▶ Work item
Starting at the top of the records below and ending with the line that contains "Mit jeder Menge", print each line exactly as written, skipping the pictures.
------ Data supplied ------
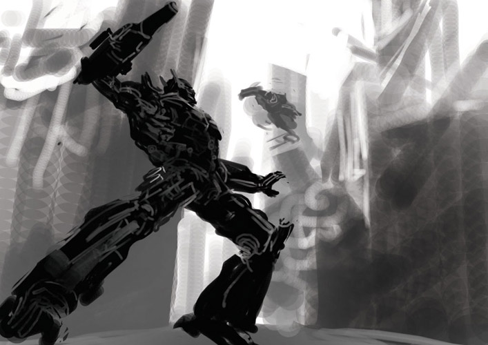 This summer when Transformers hit the big screen, it soon raised up the heat in theaters all over the world. I even went to see the film again particularly for this artwork, in order to get a more vivid feel of the scene, as well as searching for ideas. It is very crucial for a creator to foresee the image in his own mind, and knowing if it would make a good artwork or not. I wanted to create a scene filled with tension and drama, just like a still photographs from the film.
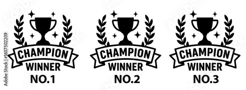 Fototapeta premium Champion Winner Trio Black Vector Set, Silhouettes of Victorious Poses with Trophies and Medals, Editable Formats: AI, EPS, JPG, PNG, Ideal for Both Digital and Print Use
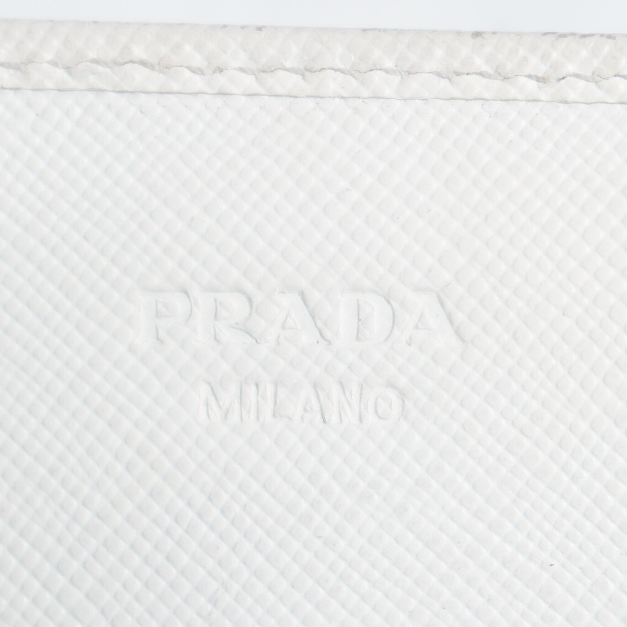 プラダのトライアングルアイコンが入った財布。サフィアーノレザーという細かい独特な筋模様の型押し加工を施した牛革を使用しています。傷や汚れがつきにくく、丈夫な素材です。張りのある硬めのレザーで上品なラグジュアリー感を出してくれています。
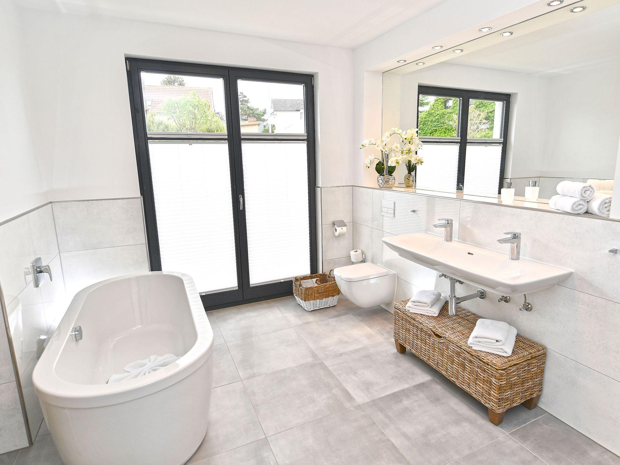 Mit jeder Menge Platz und exklusivem Wohlfühl-Komfort begeistert das Badezimmer. Ganz nach Belieben können Sie es sich hier in der freistehenden Badewanne bequem machen oder in der geräumigen Dusche abbrausen. Der beleuchtete Doppelwaschtisch mit großen Ablageflächen, der beheizbare Handtuchtrockner und natürlich Ihre ganz private Finnische Sauna sind weitere Highlights dieses Raumes, dessen Ausstattung durch WC, Fön und Kosmetikspiegel abgerundet wird.
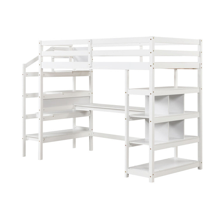 -Versatile twin loft bed with desk and bookshelves maximize space
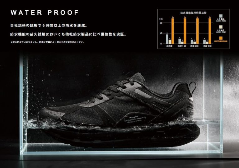 一般の防水靴では防水/透湿防水フィルムを使用してこれを実現していますが、フィルムが介在する故に通気性を損なうことも。
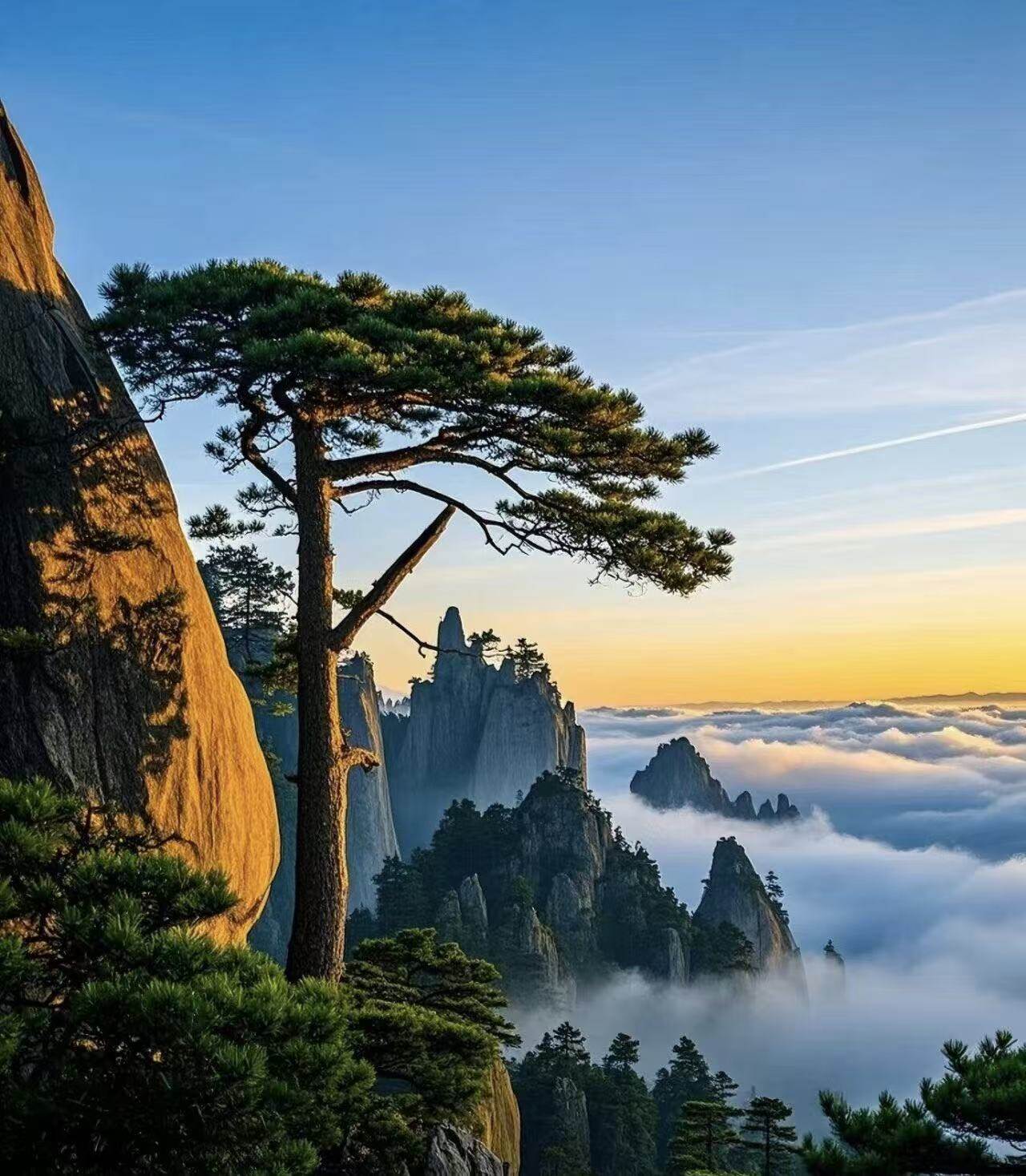 Mount Huangshan, a world cultural and natural heritage (1990), is the "most wonderful mountain in the world". Known for its five wonders of "strange pine trees, strange rocks, sea of clouds, hot springs, and winter snow", attractions such as Yingke Pine, Feilaishi, and Guangmingding are renowned worldwide. The main peak, Lianhua Peak, has an altitude of 1864 meters. The granite peak forest is like a knife cutting an axe, and when shrouded in clouds and mist, it looks like a fairyland. Xu Xiake, a traveler in the Ming Dynasty, praised him as "the thin Mount Huangshan Mountain at home and abroad is like an emblem, and there is no mountain in the world when climbing Mount Huangshan Mountain, so you can see it!", which is the source of inspiration for Chinese landscape painting.
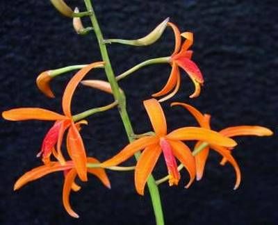 Found in Bahia Brazil without exact locality as a small sized, cool growing epiphyte with somewhat stout, flushed with red pseudobulbs carrying a single, apical, erect, flushed with red, tough, leathery, roughened surface, oblong leaf that blooms in the winter an a terminal, erect, 15.2" [38 cm] long, to 12 flowered inflorescence arising through a sheath and holding the flowers above the leaves
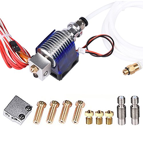 - Package include: all metal V6 hotend 12v/40w/1.75mm/0.4mm extruder full kit(V6 print head + fan + fan cover + PTFE tube + tube fitting ), 3 pcs brass extruder nozzles(1x0.3mm/1x0.4mm/1x0.5mm), 4 pcs brass volcano extruder print head(1x0.6/1x0.8/1x1.0/1x1.2) and a volcano heating block, 2Pcs teflon tube within 1.75mm stainless steel nozzle throat
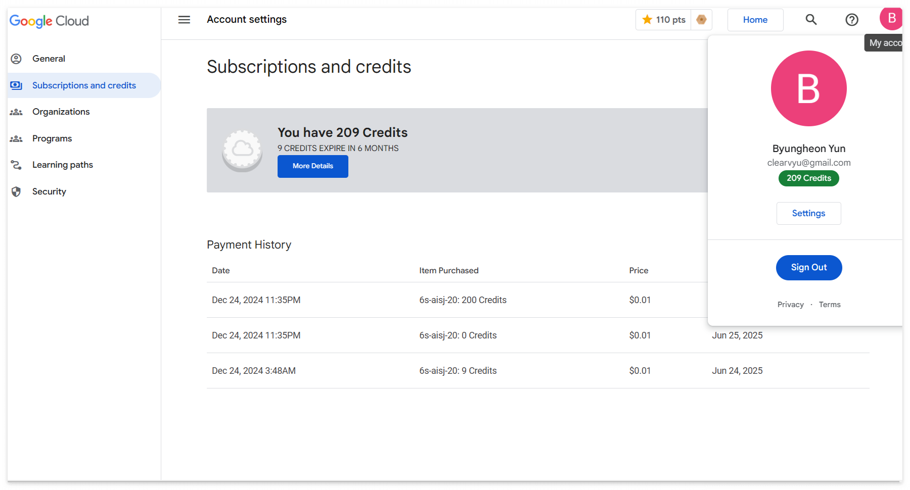 소요 시간 : 약 12일, 실질적으로 7일 | 2024/12/24 03:45 ~ 2025/01/05 00:45 (최종 잔여 크레딧 115 Credits)
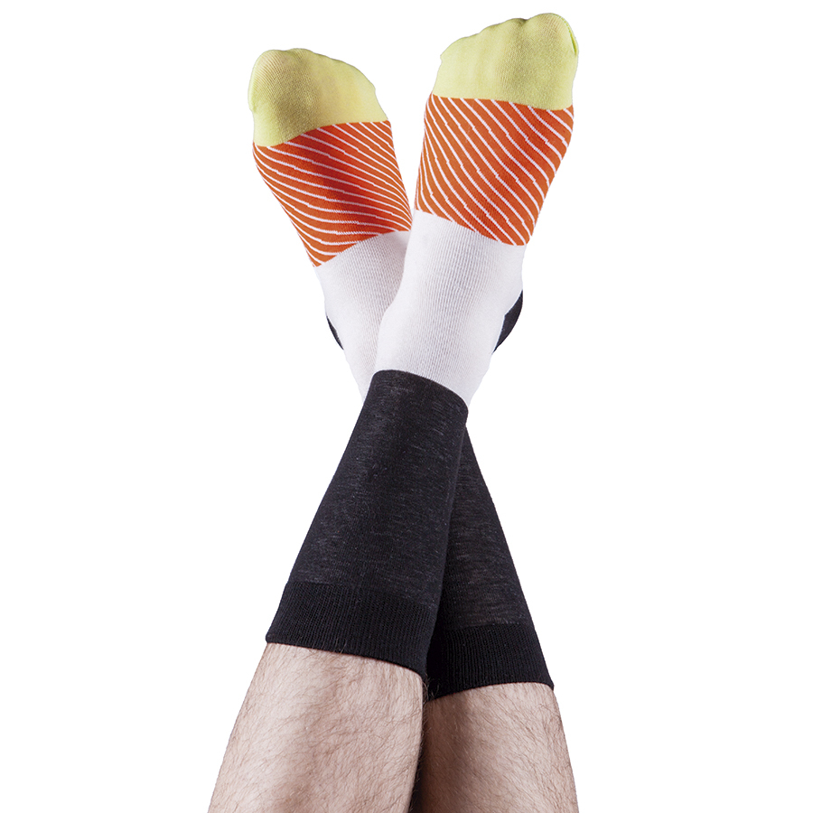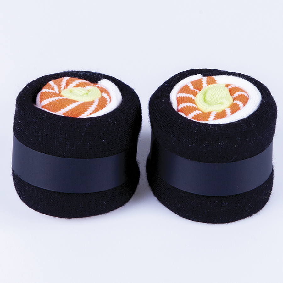 Стильные носки, в свернутом виде напоминающие ролл с лососем, - милый аксессуар в вашем гардеробе.
------
▶ Response to this exercise
 This summer when Transformers hit the big screen, it soon raised up the heat in theaters all over the world. I even went to see the film again particularly for this artwork, in order to get a more vivid feel of the scene, as well as searching for ideas. It is very crucial for a creator to foresee the image in his own mind, and knowing if it would make a good artwork or not. I wanted to create a scene filled with tension and drama, just like a still photographs from the film.
 Fototapeta premium Champion Winner Trio Black Vector Set, Silhouettes of Victorious Poses with Trophies and Medals, Editable Formats: AI, EPS, JPG, PNG, Ideal for Both Digital and Print Use
 プラダのトライアングルアイコンが入った財布。サフィアーノレザーという細かい独特な筋模様の型押し加工を施した牛革を使用しています。傷や汚れがつきにくく、丈夫な素材です。張りのある硬めのレザーで上品なラグジュアリー感を出してくれています。
 Mit jeder Menge Platz und exklusivem Wohlfühl-Komfort begeistert das Badezimmer. Ganz nach Belieben können Sie es sich hier in der freistehenden Badewanne bequem machen oder in der geräumigen Dusche abbrausen. Der beleuchtete Doppelwaschtisch mit großen Ablageflächen, der beheizbare Handtuchtrockner und natürlich Ihre ganz private Finnische Sauna sind weitere Highlights dieses Raumes, dessen Ausstattung durch WC, Fön und Kosmetikspiegel abgerundet wird.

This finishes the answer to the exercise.